通过查看pastebin代码,你似乎可以用CUDA事件来计时一切。虽然我没有使用过它们,但我的猜测是你用它来测量 GPU 内核执行的实际时间。在仅调用主机代码的情况下,这几乎没有任何作用。这真的是斯坦福大学课程中衡量主机代码执行情况的方法吗?
只需使用任何类型的 C 计时器检查此结果即可证明我是错的。
This looks very odd. Whatever you do with 16MB on a CPU, it should take more than a fraction of a millisecond.
By looking at the pastebin code it seems you time everything with CUDA events. Although I have not used them, my guess is that you measure actual time of GPU Kernels executing with this. Which, in the case of just calling host code will be next to nothing. Is this really how they measure host code executing in the Stanford course?
You could prove me wrong by just checking this result with any kind of C timer.

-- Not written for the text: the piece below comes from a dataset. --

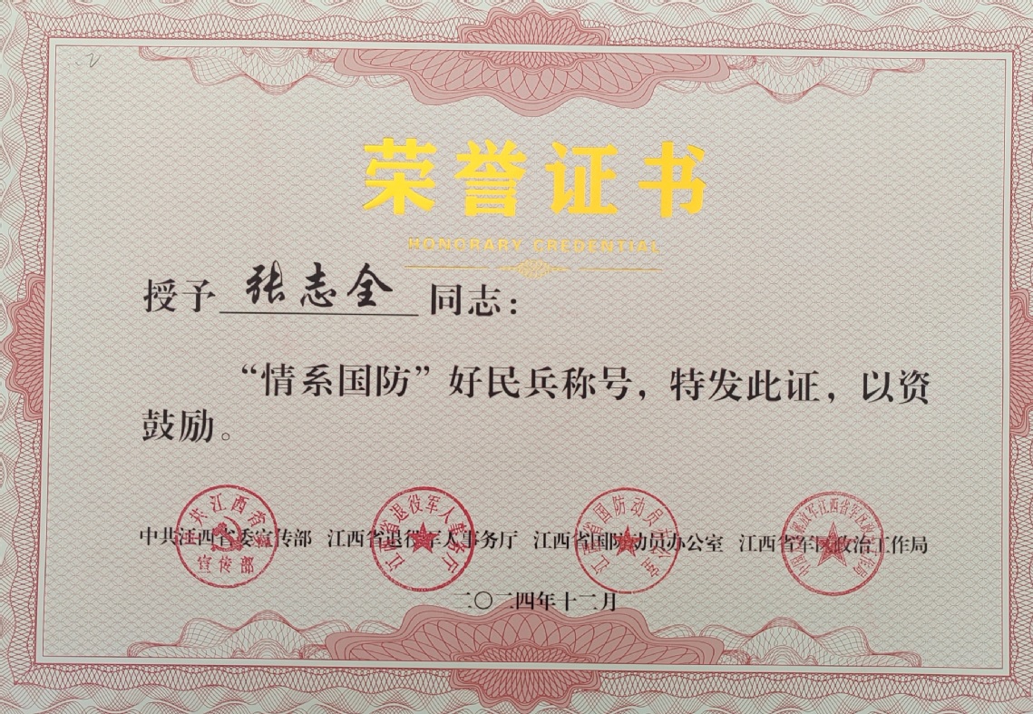 12月17日,江西省第二届“情系国防”好民兵(好预备役)、好书记发布仪式在萍乡举行,现场发布了“情系国防”好民兵、好预备役、好书记名单共计109人,并对部分获表彰人士进行颁奖。其中我校人民武装部副部长张志全入围。

正如 wm 指出的那样,这是计时器的问题。我认为,问题在于计时器中的事件记录功能在记录事件之前将控制权移交给了基于 cpu 的主机功能。这有点令人困惑,因为您会认为记录事件会在主机代码执行的时间内发生,但它似乎正在做一些更像是同时记录开始和停止事件的事情,都是在主机代码完成执行之后。添加
cudaThreadSynchronize();到启动计时器似乎可以解决问题(确保在继续主机代码之前记录事件。这可能是仅 Windows 的差异或基于我的 CUDA 版本或硬件无论如何,我不确定我的新的、更正常的结果如下。This was a problem with the timer as w.m pointed out. The issue was, I believe, that the event recording functions in the timer handed off control to the cpu based host function before recording the event. It's sort of confusing because you would think that recording the event would occur within the time the host code is executing but it seems that it was doing something more like recording the start and stop events simultaneously, both after the host code finished executing. Adding a
cudaThreadSynchronize();to the start timer seems to fix the problem (ensuring the event gets recorded before continuing with the host code. This could be a windows only discrepancy or based on my CUDA version or hardware etc I'm not sure. In any case my new, much more normal results are as follows.